Even so, Balazs worries that there may come a point when developers and architects may start to use glass too much.

“I am not sure I would necessarily turn to glass as an overall material in New York. I think there are a lot of problems with glass,” he said. “The proximity to your neighbor in full tilt glass is problematic for some people. Also, I think the truth is, unless you provide for the window closure, these buildings can look like a tenement house in Hong Kong.”

All of the units at 40 Mercer have window treatments.

“This makes the façde work as a unified design that will keep the building looking the way it is meant to look,” Balazs said. “In most buildings made of glass, everyone puts up different treatments and that can degrade the quality of the building.”

An architect’s legacy

Alan Ritchie of Philip Johnson/Alan Ritchie Architects stresses the importance of preserving privacy in a transparent dwelling.

One of his current Manhattan projects, the Urban Glass House, the last residential building from celebrated architect Philip Johnson, who died in January 2005, is based on a small glass house Johnson built for himself in New Canaan, Conn., in 1949. That structure, a National Historic Landmark and considered an icon of Modernism, served as the inspiration for the 12-story glass-and-steel Urban Glass House at 330 Spring Street in the West Village.

Ritchie says because the building is located in an urban setting as opposed to Johnson’s Connecticut house, which is on open land, the need for privacy played a role in the design.

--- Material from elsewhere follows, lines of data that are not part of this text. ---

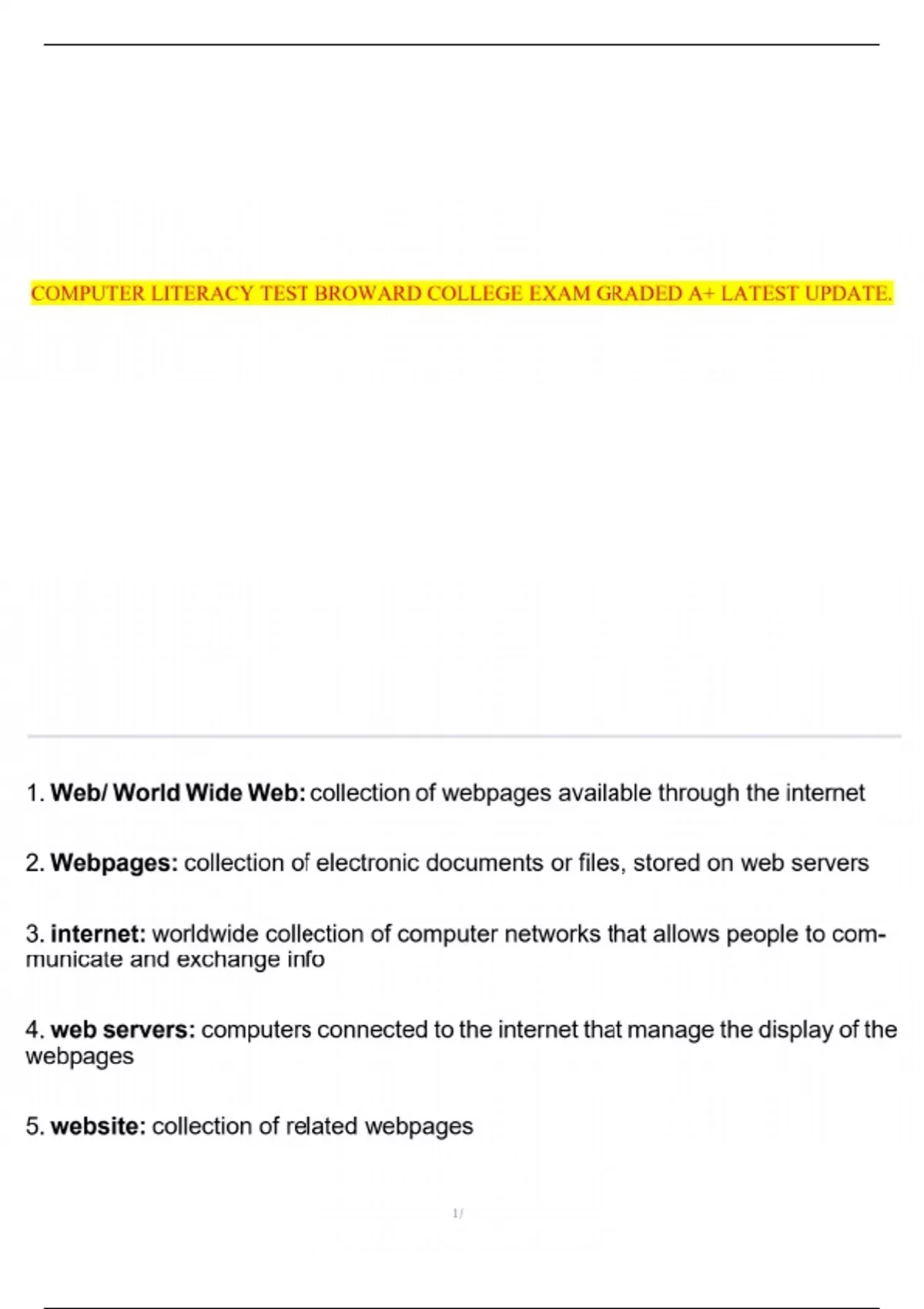 COMPUTER LITERACY TEST BROWARD COLLEGE EXAM GRADED A+ LATEST UPDATE.
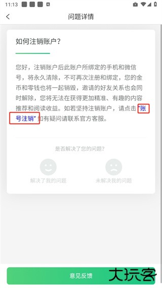 4、之后进入到问题详情的页面我们点击【账号注销】。
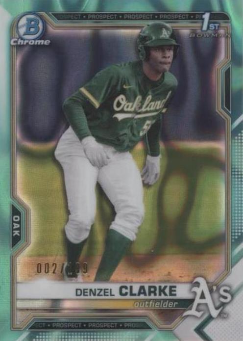 This card is a must-have for any collector! The Aqua Lava Refractor pops with vibrant colors, and the /199 rarity makes it a standout. Denzel Clarke’s 1st Bowman Chrome rookie looks sharp—perfect for PC or investment. Super clean design and great centering. Love it!
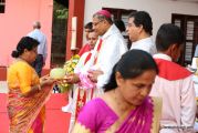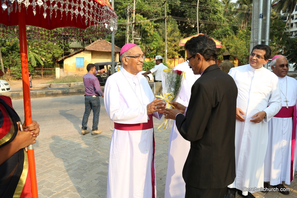 On the 27th of April, 2019 at Derebail Church Ground Rev Fr Austin Peter Peres, Parish Priest of the Most Holy Redeemer Church, Derebail, Rev Fr Gratian Alvares, Residential Priest, Parish Pastoral Council along with Derebail Parishioners welcomed Most Rev Dr Peter Paul Saldanha, Bishop of Mangalore Diocese, Most Rev Dr Aloysius Paul Dsouza, former Bishop of Mangaluru Diocese and Most Rev Dr Francis Serrao, Bishop of Shimoga Diocese.
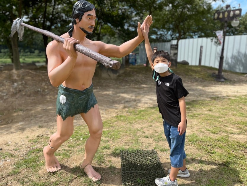 넓은 초록 들판에 구석기 시대 사람들이 살았던 움막들을 볼 수 있었고
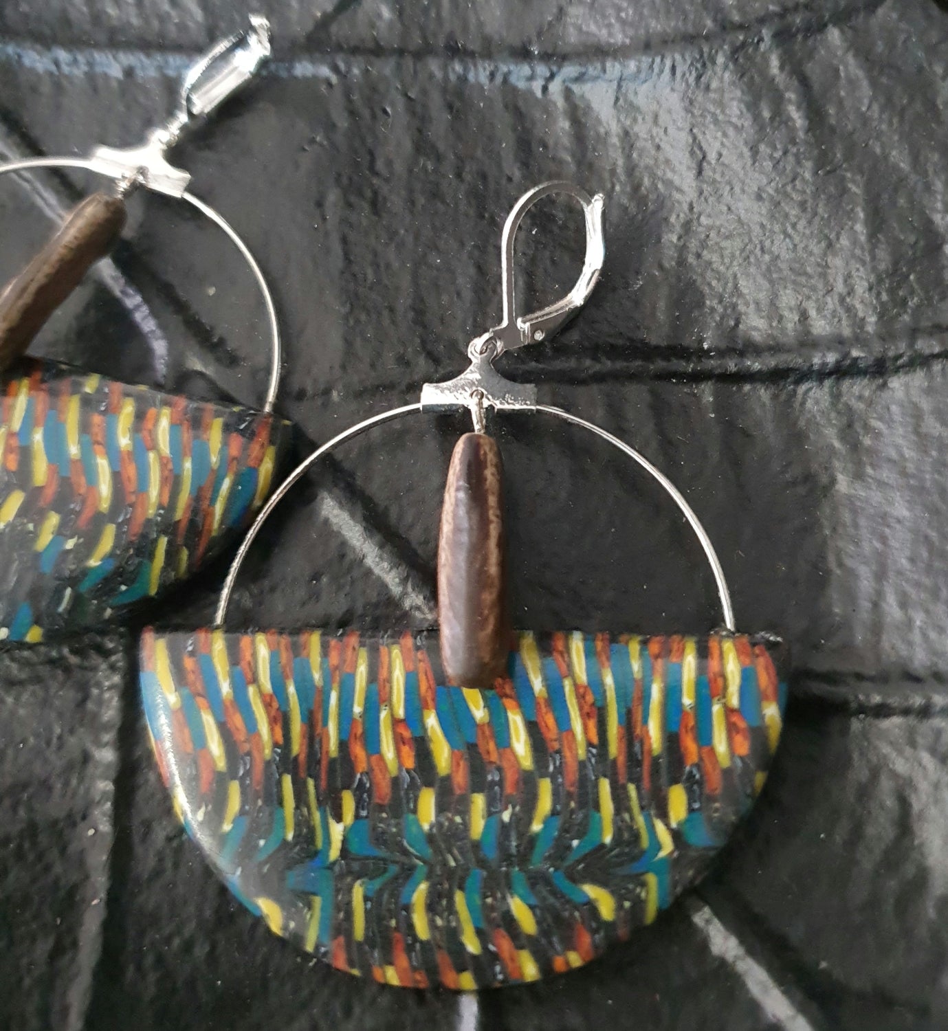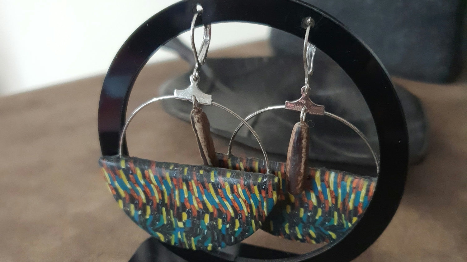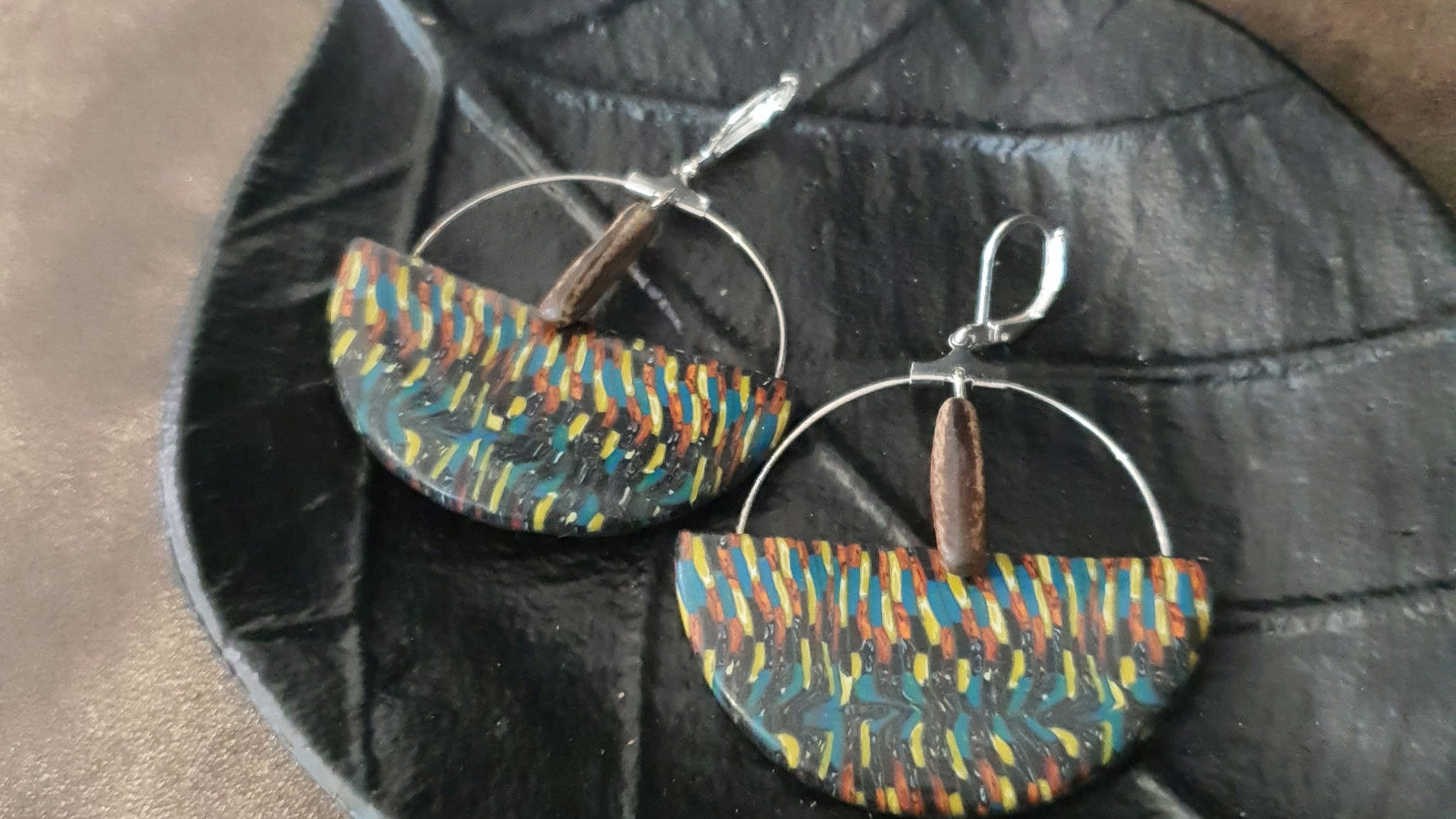 Demi cercle polymère de 48.8mm de diam. Monté sur support métal couleur argent+ graine exotique( flamboyant)

“We have columns at every 10 feet on center, which are covered with 2-foot-wide panels, so it is not a total glass box,” he said. “I think, in residential construction, unless you have some solid elements, in many instances you are taking glass in residential construction too far.”

Ritchie pointed out the various types of glass that he sees being used in residential applications. “Not all glass is totally clear, you can have etched glass or frosted glass to add privacy. Also we are seeing a lot of ‘low e’ [low energy] glass, which shades the sun and preserves energy within the building.”

The developer of the project, Scott Sabbagh of Glass House Development LLC, said the cost of construction is higher when using glass over materials such as brick.

“It’s probably a 50 to 100 percent premium to use glass curtain walls over a traditional brick or even window wall system,” said Sabbagh.

But the payoff is obvious.

“Light is probably number one. Often in urban settings, certainly in Manhattan, when you have a lot of urban buildings you sort of get light-starved,” he said. “This allows you to bring a certain amount of light into your living space.”